Now, focus on the “after” phase: your product or service has been implemented for the customer, leaving a trail of roses in your path. Again, I’m only half-kidding: we must convey that the customer now knows their decision was a winner. What new success has replaced the old drudgery?
Take the time to carefully walk through with your customer one or more specific, mission-critical, and previously costly and frustrating business processes. How has your product or service resolved the drudgery that once plagued this business process? What measurable savings in money or time has the customer since realized, thanks to those previously noted unique features of your product or service?
Good questions to wrap up the case study research process include: what plans does the company have to expand the use of your product or service?

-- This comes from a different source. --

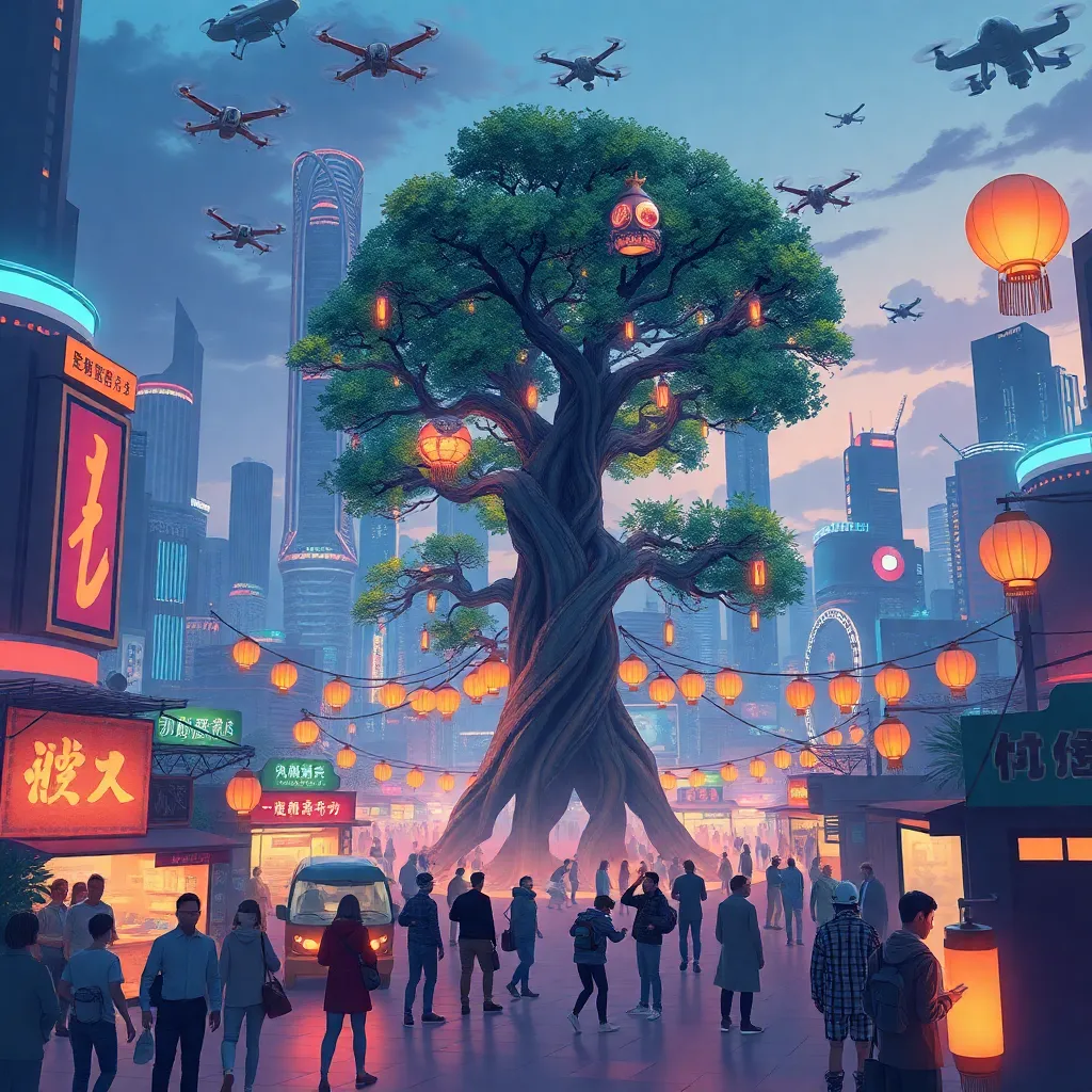 Create a futuristic illustration of a bustling metropolis at dusk, with towering skyscrapers, neon lights, and flying drones. Incorporate a giant, glowing tree in the center, surrounded by humans and robots enjoying a vibrant night market. Add a touch of whimsy with floating lanterns and a hint of magic in the air.

Are there any other thoughts or points the customer thinks are important that were not yet raised?
When writing the actual case study, quote the customer directly wherever possible. Direct quotes from the customer declaring in their own words how valuable your product or service is to them will always earn more attention and credibility from readers than any narrative text.
Also… please avoid using those generic case study sub-headings; i.e., The Problem, The Solution and Results. They provide no value to the reader and offer nothing in the way of SEO (a Google search for problem solution results yields 1.4 billion hits). Your case study sub-headings should be written such that if your reader reads only the sub-headings, they still get a TL;DR understanding of your case study. Here is an example from some previous work of mine.
Even those who have never seen A Christmas Story can probably guess whether Ralphie, in spite of his unsuccessful writing effort, still got his prized BB gun on Christmas Day (no thanks to Santa, though 🙄). Of course, product marketers must rely on more than good fortune to get the favorable attention of potential new customers. Compelling case studies are a one of the best means to do so. By asking your customer time-focused questions and actively listening, the customer will essentially tell you what relevant information belongs in the case study – before, during and after their smart decision to select your product or service.